Review: Knave of Broken Hearts, the second book in Tara Lain’s Love in Laguna series, is, if simplified, a romance about a blue-collar construction worker who falls for a rich, extremely handsome cardiologist. It’s not simply a straight ahead romance, however. There are a few important themes and messages at play throughout the book – overcoming fear and learning how to be who you are, accepting who you are, and being unwilling to compromise who you are to please others. Also, neither of the main characters are exactly what they seem and are both dealing with very stressful personal lives.

At first, I had a difficult time getting into the story; I didn’t immediately engage with the characters. But, since the same thing happened when I read Knight of Ocean Avenue, the first book in the series, and I ended up loving that one, I figured I would be invested before long, and, for the most part, I was.

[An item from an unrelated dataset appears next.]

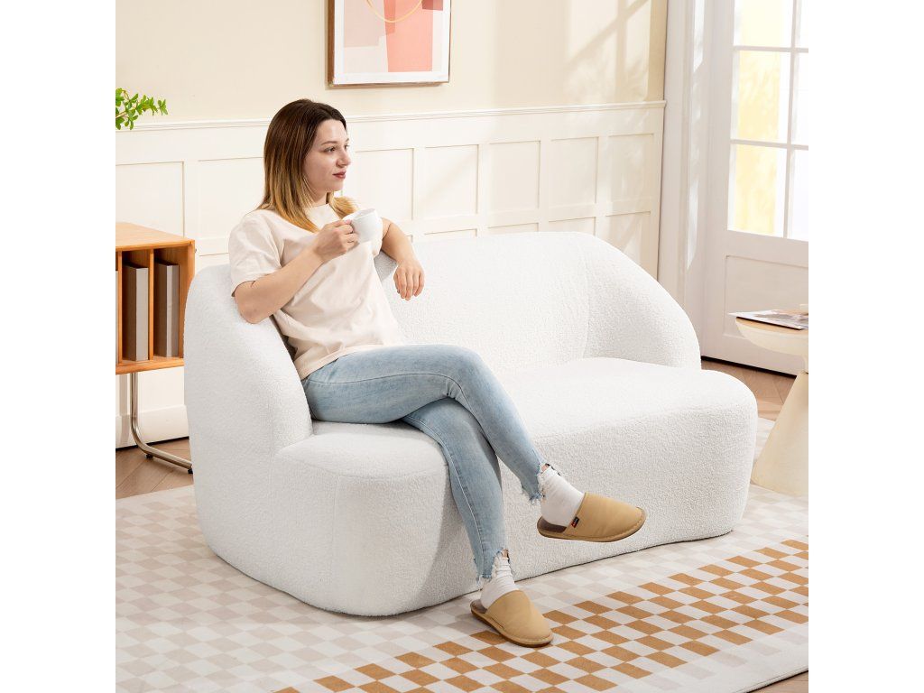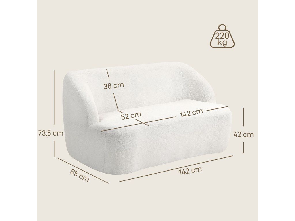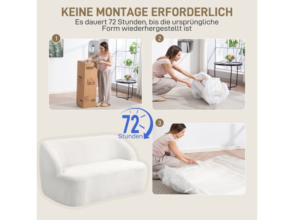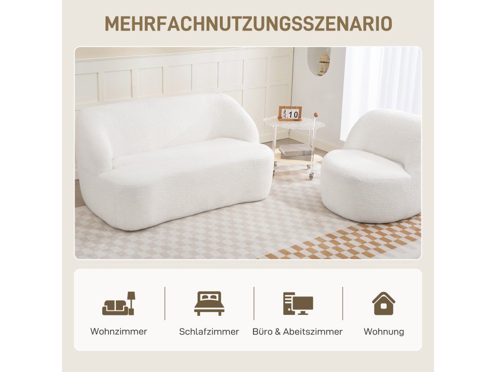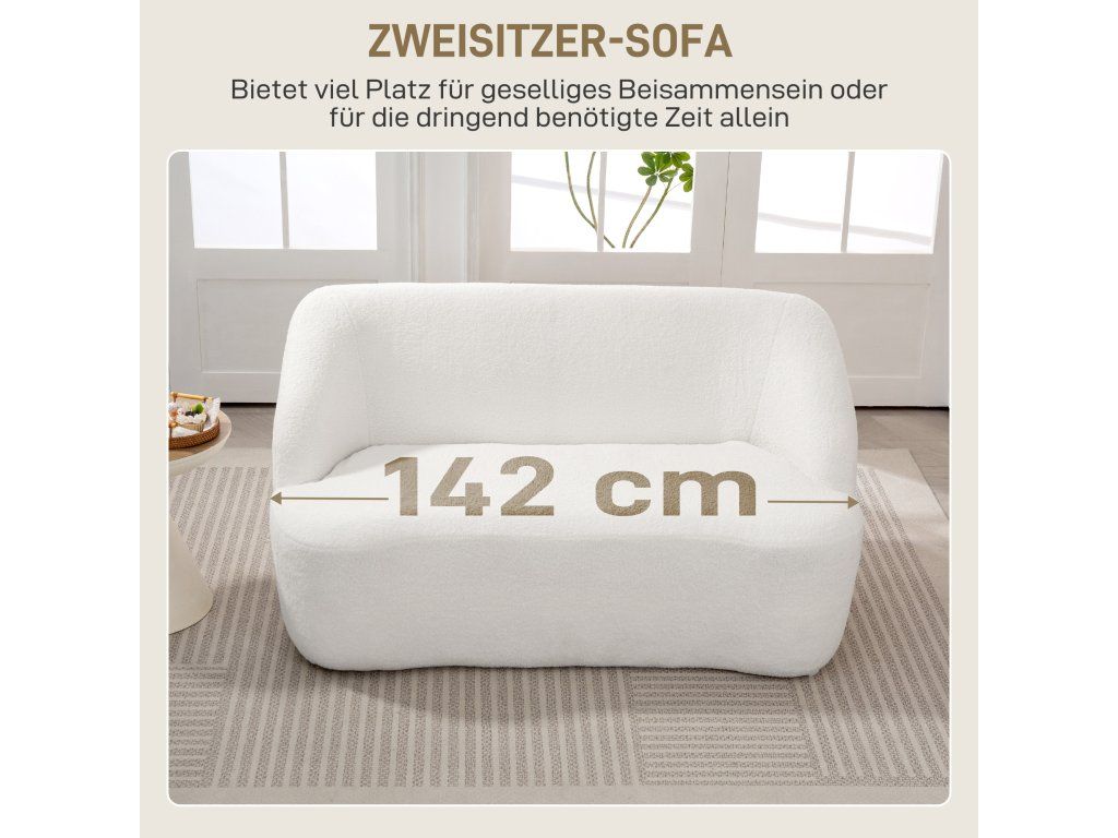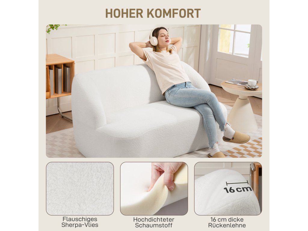 Dvoumístná pohovka HOMCOM, prohnutý design, čalouněná pohovka s fleecovým potahem, do obývacího pokoje, ložnice, domácí kanceláře, krémově bílá

I fell for Jim first, partially because of knowing him a bit from the first book, but also because his character was more richly developed. His backstory, especially the stuff with him and Hiro, and his estrangement from his family, was very interesting and engaging. I loved how Jim took the bull by the horns with the job opportunity that Billy gave him. He showed a lot of growth throughout the book – small lapse in judgement with regard to his father’s scheme and his part in it aside – and showed that he could really be someone that Billy, his brother, and everyone else could be proud of. Speaking of the brother…I ADORED Jim’s younger brother, Ian. He was smart and refreshing, lots of fun, and just a sweet kid. I reeeeaaally hope that the author is going to give him a story down the road in this series!

Ken’s character was a tougher sell for me, but I did grow to like him, especially in the last quarter of the book. And, even though I liked the Japanese culture elements, and thought it was sort of cute that his mother finally decided to embrace the fact that her son was gay, and tried to fix him up with a guy instead of girls, I honestly felt like he could have had more depth. In fact, Ken and Jim’s relationship just never quite took off for me. Though I thoroughly loved the ending – the gift that Ken gives Jim actually made me cry – I felt like they spent too much of the book either misunderstanding and dancing around each other, or having strange, sporadic, rushed sexual encounters. The attraction was established…we knew that they wanted to get into each other’s pants…but the love connection didn’t have much strength.

A few other observations…

The supporting cast was pretty great. I already mentioned Ian (Adored! Please give him a book!), but Constance, the building owner of the job the crew is working on, turned out to be a great gal (I love a strong female character who isn’t a cliché), and Billy totally stole the few scenes he was in. I absolutely loved all the moments with Billy and Jim.

ALL of the parents were assholes. Okay, Ken’s dad wasn’t an asshole per se, and his mom did end up trying to meet him halfway, I guess. But, Jim and Ian’s father? Total Asshole. And Constance’s dad? Asshole.

And, finally, what the hell with Mickey and the rapist crew? That came off a bit like unnecessary drama, especially that final scene with them. I wish there had been another way to show the pressure on Ken to be who his parents wanted, and get across the stress his mother put him through, other than to set him up with that nutjob.

I’d have to say that while I liked it, in my opinion, this follow-up was definitely not as good as Knight of Ocean Avenue, but I’m still enjoying the series and looking forward to Ru’s book coming next!